The program was a joint one between architecture/fine arts students and musicians; there were twenty architecture folks (I think), seven composing students, and twenty-three musicians, limited to those who played piano, violin, viola, and cello. We studied primarily in the chateau at Fontainebleau, a former royal residence that's been progressively added onto since medieval times. We (the architecture students) did four one-week projects in teams of varying compositions. The first week we were supposed to design an urban installation/temporary art sculpture to provide unity between the chateau and the city in a group of four. The second week we designed a garden/landscape space to fit into the front court, the Cour des Adieus, Cour d'Honneur, whichever, at the chateau, in partners. The third and fourth week we more or less got to choose our group sizes, so I worked in partnerships both times. The third week was an architectural alteration to the the second courtyard at the chateau, the fourth a performance piece/set design somewhere within a certain relatively small area at the chateau.

Fontainebleau. . . Fontainbleau is a gorgeous town. The first night we were there we ate dinner on the program coordinator's lawn behind her stunning house. I think she probably sneezes money. The first few days of the program, the courtyard that we normally crossed to get to our studio space was blocked by an outdoor production of Madame Butterfly, so we had to walk through part of the tour of the former royal/imperial quarters to get to our workspace.

The whole business was surreal.

The horseshoe staircase in the Cour des Adieus.
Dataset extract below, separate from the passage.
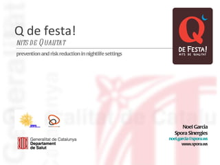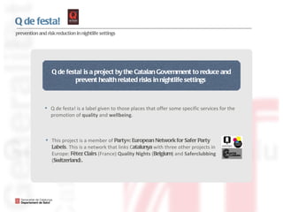 Q de festa! is a project by the Catalan Government to promote health and reduce risks in nightlife settings. It provides a label for venues that offer basic services like health information, staff training, and free water. The label is part of a larger European network of safer party initiatives. Q de festa! also offers promotional support and resources to partner clubs and venues.

It doesn't actually go anywhere -- you enter the chateau for the tour on the right.

The chateau closed at 6 every day, so we had to move our operations to a big room at the back of the town hall. This is also (not coincidentally) where we pulled our all-nighters.

We stayed in a dormitory (Fontainebleau is home to a branch of the Ecole des Mines, a tech school, and thus has some student housing) and a hotel, the Carpe d'Or. I was in Crous (is that how it was spelled? don't remember), thedorm. The only source of free internet was, alas, in the student office, a fifteen-minute jaunt away by foot. (This doubtless brought about the serious lack of blogging during the time period, though overall busy-ness had to do with that, as well.) I managed to not take a single picture of my digs while I was there, but rest assured: It was TWICE AS BIG as my apartment in Kyoto. It was approaching Midwestern in scale, even.

In Fontainebleau everything closed at 8. When there were student shindigs, we had to be sure that everything (i.e. snacks and wine) was purchased in our free hour between the end of class and the beginning of the dinner. (We ate every night at a restaurant called the Troubador at 7:30. It was decent food, though there were definitely a couple nights when I ate copious quantities of bread and salad and left without feeling too bad about missing the main course. (Whatever it was, it always came in sauce. Lots of sauce.) Behind the chateau is a canal, dug by one of the Louis-es so he could have nice long royal promenades alongside it.

Lesson number two. I can't pronounce a French r, but rosé is the sort of wine I most consistently find tasty.

The program had planned for us a number of excursions, including to the Opera Garnier, the gardens at Courances, and of course the final expedition to Normandy. We made good use of a bus.

Me on the roof of the Opera Garnier (on which the Phantom of the Opera is based.) Yeah. Also surreal.

Lesson number 3. (The last before I publish this; hopefully I will find time and motivation to write a little bit more about this stuff later.) I can focus on drawing or taking really good photos, but not both.

I admit I got a bit intimidated -- I was surrounded by people with really good cameras and lots of practice, and my $200 Sony Cybershot was just not measuring up. That being said, I was also anxious for this to be the first summer in three that I didn't lose or annihilate a camera (though I did lose a sketchbook at the beginning of the trip -- I was INCREDIBLY ANGRY.)

That decision, to focus on drawing rather than photography, meant that I ended up with a lot of sketches like this, showing the entrance to the Cour Oval (I think that's what it's called) at the back of the chateau at Fontainebleau.

And you know, I was pretty happy with that.